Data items
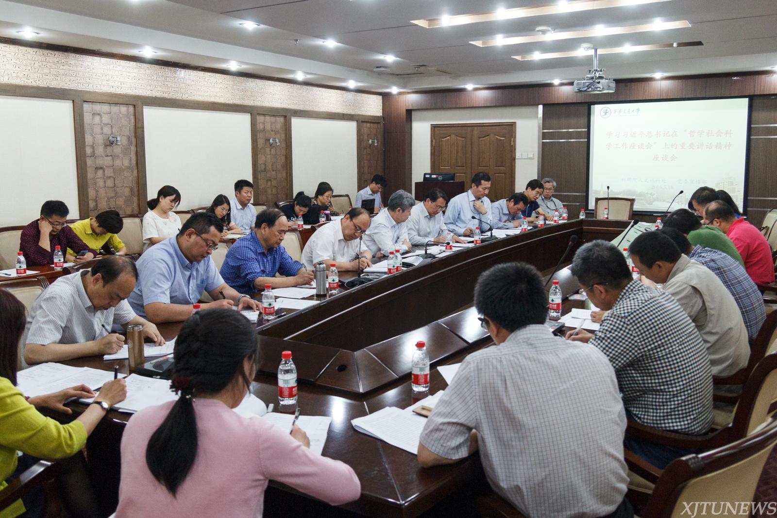 5月17日,习近平总书记在京主持召开哲学社会科学工作座谈会。他强调,坚持和发展中国特色社会主义,哲学社会科学及其工作者具有不可替代的重要作 用,必须高度重视哲学社会科学,结合中国特色社会主义伟大实践,加快构建中国特色哲学社会科学。18日,校党委宣传部、人文社科处联合召开专题学习会,相 关学院院长、教授、青年教师代表展开座谈,畅谈学习体会、为繁荣发展哲学社会科学建言献策。党委书记张迈曾、副书记宫辉出席会议,席光副校长主持会议。
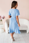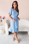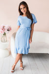 The Joan is absolute perfection! This gorgeous sky blue mid-length dress features a modest round neckline, short cross flutter sleeves, cozy soft stretch material, belt tie waist, and last but not least the darling faux wrap skirt! These will go quick, get yours before they are gone!
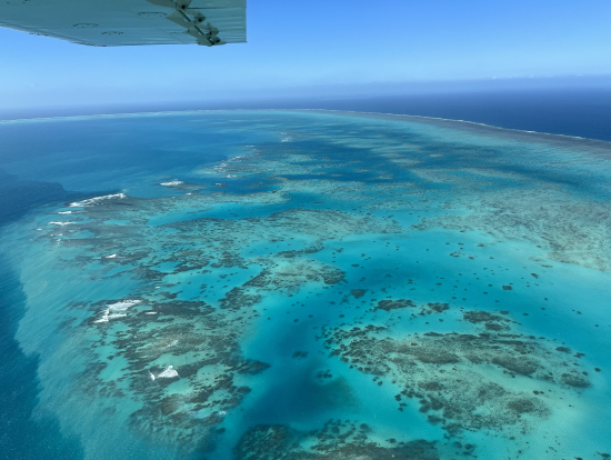 シュノーケリングやダイビングではグレートバリアリーフの一部しか見られないと思い、セスナ遊覧飛行を申し込みました。
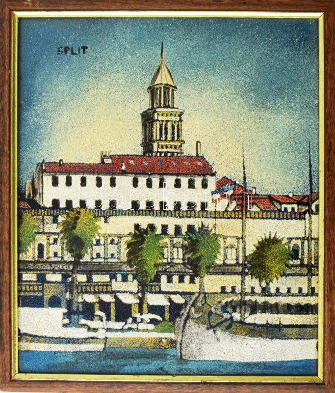 Leírás: Split, kikötő, 1980 körül. Tűzzománc, rézlemez. Fakeretben. 31x26,5 cm
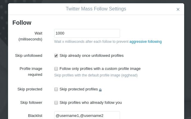 You can also alter certain settings, such as the wait time in between each follow, skipping profiles you’ve already followed and unfollowed, blacklisting specific users, and requiring users to have a profile bio, among other things. These settings help you target the right users while avoiding getting your account locked.

* ACTIVITY *
Restate the data above word for word, omitting every picture.

* RESULT OF THIS EXERCISE *
 5月17日,习近平总书记在京主持召开哲学社会科学工作座谈会。他强调,坚持和发展中国特色社会主义,哲学社会科学及其工作者具有不可替代的重要作 用,必须高度重视哲学社会科学,结合中国特色社会主义伟大实践,加快构建中国特色哲学社会科学。18日,校党委宣传部、人文社科处联合召开专题学习会,相 关学院院长、教授、青年教师代表展开座谈,畅谈学习体会、为繁荣发展哲学社会科学建言献策。党委书记张迈曾、副书记宫辉出席会议,席光副校长主持会议。
 The Joan is absolute perfection! This gorgeous sky blue mid-length dress features a modest round neckline, short cross flutter sleeves, cozy soft stretch material, belt tie waist, and last but not least the darling faux wrap skirt! These will go quick, get yours before they are gone!
 シュノーケリングやダイビングではグレートバリアリーフの一部しか見られないと思い、セスナ遊覧飛行を申し込みました。
 Leírás: Split, kikötő, 1980 körül. Tűzzománc, rézlemez. Fakeretben. 31x26,5 cm
 You can also alter certain settings, such as the wait time in between each follow, skipping profiles you’ve already followed and unfollowed, blacklisting specific users, and requiring users to have a profile bio, among other things. These settings help you target the right users while avoiding getting your account locked.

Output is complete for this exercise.